CLI equivalent: -python.
subprocess vs in-process
The default path runs the user code in a vartools-spawned Python sub-process — fully isolated from the calling pyvartools interpreter, so neither sub-process libpython nor user globals leak across the boundary.
Setting inprocess=True instead routes the user code through a C-level callback into your live pyvartools Python interpreter, so the code sees your imports, globals, and an explicit namespace= dict. This requires library mode (no randseed/skipmissing/jdtol/matchstringid, no perpoint_vars, no timeout= — and only the single-LC Pipeline.run(lc) path, since the batch entry points go through the subprocess). save_*=True outputs and cmd.o(...) configurations are library-compatible. If any of the remaining conditions force the subprocess path, inprocess=True raises RuntimeError with a list of the obstacles rather than silently falling back.
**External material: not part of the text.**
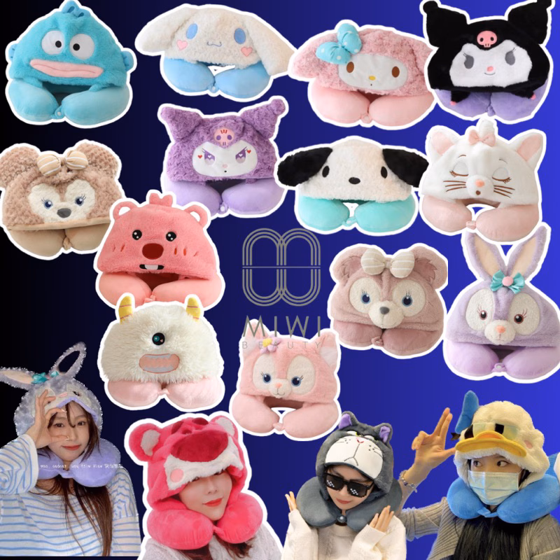 🔥 LOẠI 1 MŨ TO CHE ĐC MẮT Gối cổ du lịch chữ U kèm mũ gấu Lotso, kuromi, mèo lucifer, gấu kaki, vịt donal gối du lịch đang giảm giá!

inprocess=True additionally requires at least one of invars=, outvars=, or vars= to be set so vartools knows which variables to marshal across the C→Python callback. The bare form python("x = 1", inprocess=True) raises ValueError at construction time — vartools' parser would otherwise treat it as "process all variables", which the in-process callback does not support and which would fall through to a subprocess fork that is unsafe inside a Python host process.
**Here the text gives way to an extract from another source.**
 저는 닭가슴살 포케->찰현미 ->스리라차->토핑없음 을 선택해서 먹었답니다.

In-process v1 marshalling supports DOUBLE, FLOAT, INT, LONG scalars and LC vectors. String columns and process_all_lcs=True aren't yet wired through the callback — fall through to the subprocess form for those.
Parameters
| Parameter | Type | Description |
|---|---|---|
command |
str |
Inline Python code, or — with fromfile=True — a path to a .py file containing the body. |
fromfile |
bool |
Treat command as a file path (emits CLI fromfile <path>). |
init |
str or None |
Initialisation Python (inline string, or a file path with init_fromfile=True) executed once per Python worker before per-LC processing. Use this for import statements and helper-function definitions. |
init_fromfile |
bool |
Treat init as a file path (emits init file <path>). |
vars |
str or None |
Comma-separated list of vartools variables passed both into and back out of Python (round-trip). Mutually exclusive with invars/outvars per the CLI grammar. |
invars |
str or None |
Variables to pass into Python only. |
outvars |
str or None |
Variables to receive back from Python only. |
outputcolumns |
str or None |
Subset of out-vars to emit in the per-star statistics table; each becomes PYTHON_<name>_N. |
process_all_lcs |
bool |
Send the whole batch to Python in one call. Vector invars arrive as a list of numpy.ndarrays (length Nlc); scalar invars as a numpy array of length Nlc. Outputs must follow the same shape. |
skipfail |
bool |
If a per-LC Python exception is raised, skip the remaining pipeline processing for that LC instead of aborting the run. |
continueprocess |
int or None |
Reuse the Python sub-process from the N-th prior -python (1-indexed), preserving its module-level state. Mutually exclusive with init. To share variables across calls, declare them global in the user code. |
inprocess |
bool |
When True and pyvartools is in library mode, executes user code in the host Python interpreter rather than a vartools sub-process — user code shares sys.modules and the supplied namespace= dict with the caller. Subprocess-only run paths (run_filelist, run_batch, run_combinelcs) and library-mode-blocking flags raise RuntimeError; see the note above. |
namespace |
dict or None |
Only used when inprocess=True. Globals dict the user code is exec'd in (default: caller's __main__.__dict__). Useful for sandboxing or for exposing a specific module's globals. |
Output
Per command index N:
| Column | Description |
|---|---|
PYTHON_<varname>_N |
One column per name in outputcolumns. The runtime type is whatever the user code wrote into the named outvar (numeric scalar → float column; string → string column). |
User code can also modify any LC vector named in vars / outvars; modifications are written back to the LC and visible to subsequent pipeline commands.
References
The embedded Python interpreter is a feature of vartools 1.41+. For details on the sub-process / socket protocol, see src/runpython.c in the vartools source tree.
Examples
Example 1. Compute the variance of the magnitudes for each light curve in EXAMPLES/lc_list. mag arrives as a numpy array; b is a Python float written back as PYTHON_b_0 in the per-star table.
batch = (vt.Pipeline()
.python("b = numpy.var(mag)",
invars="mag", outvars="b", outputcolumns="b")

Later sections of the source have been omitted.